Exercise objective
Once the line containing "Maznice simalube nepretržite" is found in the records below, return it and each following line exactly, up to and including the line containing "Torino vue panoramique", and nothing else.

Materials provided
=======

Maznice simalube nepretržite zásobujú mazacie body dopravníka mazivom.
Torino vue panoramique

=======

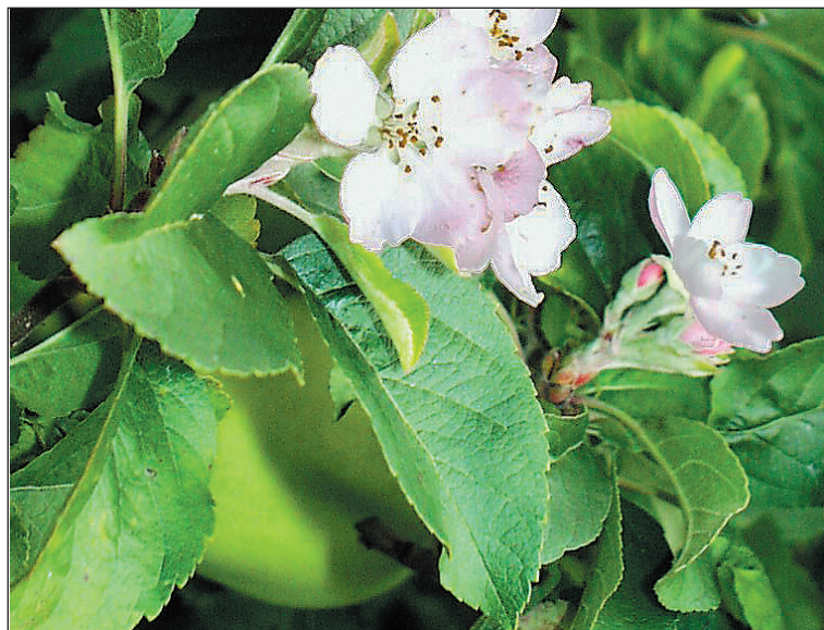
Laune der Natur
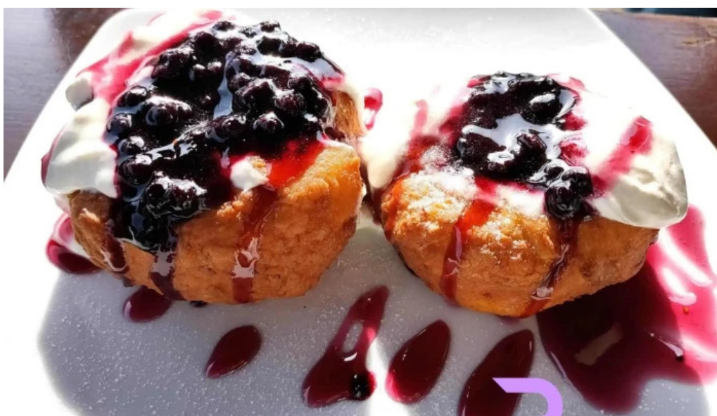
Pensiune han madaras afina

=======

Solution
Maznice simalube nepretržite zásobujú mazacie body dopravníka mazivom.
Torino vue panoramique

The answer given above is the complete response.